Bank retracts gold price-fixing report

By Edward Simpkins (Filed: 30/06/2002) 

The Royal Bank of Canada has issued a retraction after a research report by one of its most senior asset managers appeared to support the claims of conspiracy theorists that central banks have secretly connived to keep the price of gold low.

The eight-page report published as a research note by the investment division of the bank speaks of "increasing evidence of unsustainable gold price manipulation" and says the evidence of secret price fixing is "overwhelming".

The report refers to the practice in the past, when the price of gold was pegged to currencies, of central banks dumping gold to keep the price down. "Today, instead of the overt action of yesteryear, it is covert because the market is allegedly free," the report says.

It goes on to claim that instead of selling physical gold the banks have sold derivatives, called hedging, leaving them owing far more metal than they control and giving them an interest in the price of gold continuing to fall.

"The size of the short position, officially acknowledged to be more than 5,000 tonnes by the bullion bank apologists, is thought to be well over 10,000 tonnes and may exceed 15,000 tonnes," the report adds.

The claims were seized on by fringe groups such as the Gold Anti-Trust Action Committee which said it showed that mainstream investors were coming round to their view that central banks secretly act to keep a lid on the price of gold in order to support the dollar.

"The establishment in the gold world is coming around to our central premise," Chris Powell, secretary of GATA, told his members last week. "Central banks and particularly the US Treasury Department have been colluding surreptitiously and desperately to suppress the gold price and manipulate the gold market," he added.

The report has caused embarrassment to Royal Bank as many of its clients and some of the biggest companies on the Canadian stock exchanges are gold miners, including Barrick Gold Corp, the world's second largest producer which is also the world's biggest hedger.

Bank of Novia Scotia is one of the largest bullion banks in the world and the Canadian central bank has been a consistent seller of gold over the past decade.

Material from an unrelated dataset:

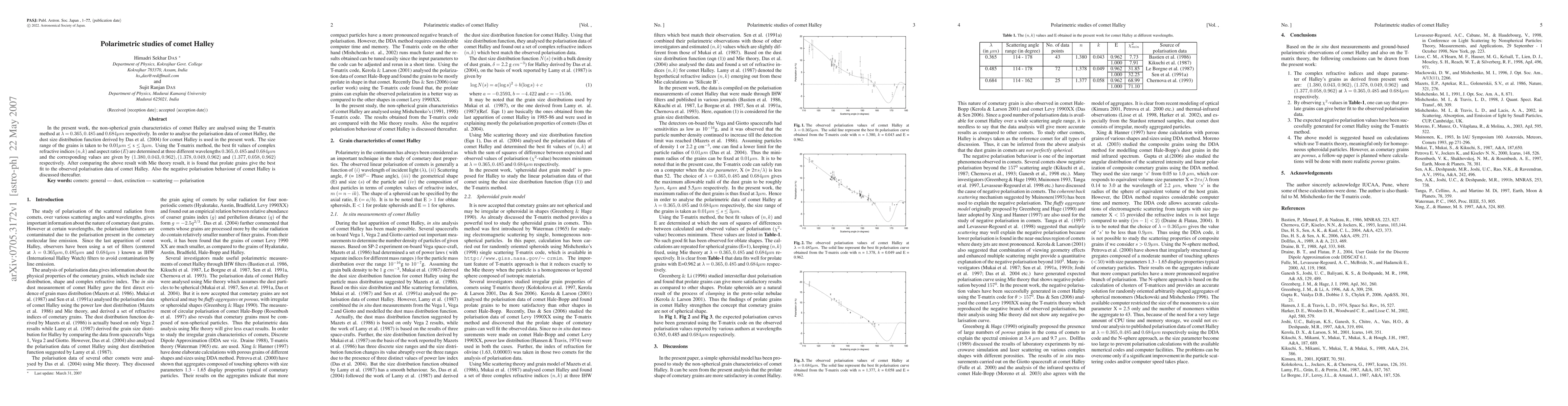 This study analyzed the polarimetric properties of Comet Halley using the T-matrix method, finding that prolate grains best fit the observed polarization data, with complex refractive indices varying across three different wavelengths.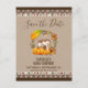 Eine Babydusche oder eine Geburtstagskarte Save the Date mit einem niedlichen Chipmunk, der hinter einigen orangefarbenen Kürbissen stehend ist. Ein Laubkranz umgibt sie mit Eichenblättern, orangefarbenen Blume und anderen Blätter. Der Hintergrund ist ein digitales Bild einer groben Papierstruktur. Oben und unten haben eine Tartangrenze mit saisonal farbenen Kreispunkten. Die Rückseite der Postkarte enthält eine Nachricht, die Sie zusammen mit Ihrem Namen und Ihrer Rücksendeadresse personalisieren können.

Mark Arthur, head of Royal Bank Investment Management, issued a statement saying the report was produced for "internal use" and "in no way reflects the views of Royal Bank".

However, the report is by John Embry, a senior figure at RBC who sets strategy for the bank's $38bn funds under management and chairs its stock selection committee as well as running its Royal Precious Metals fund. He was not available for comment.

Embry predicts in the report that the price of gold is set for further steep rises. "Those with a vested interest in containing the price of gold - central banks, bullion banks, heavily hedged gold companies - will not die easily but the tide is moving strongly against them and the embedded short positions could catapult the gold price higher."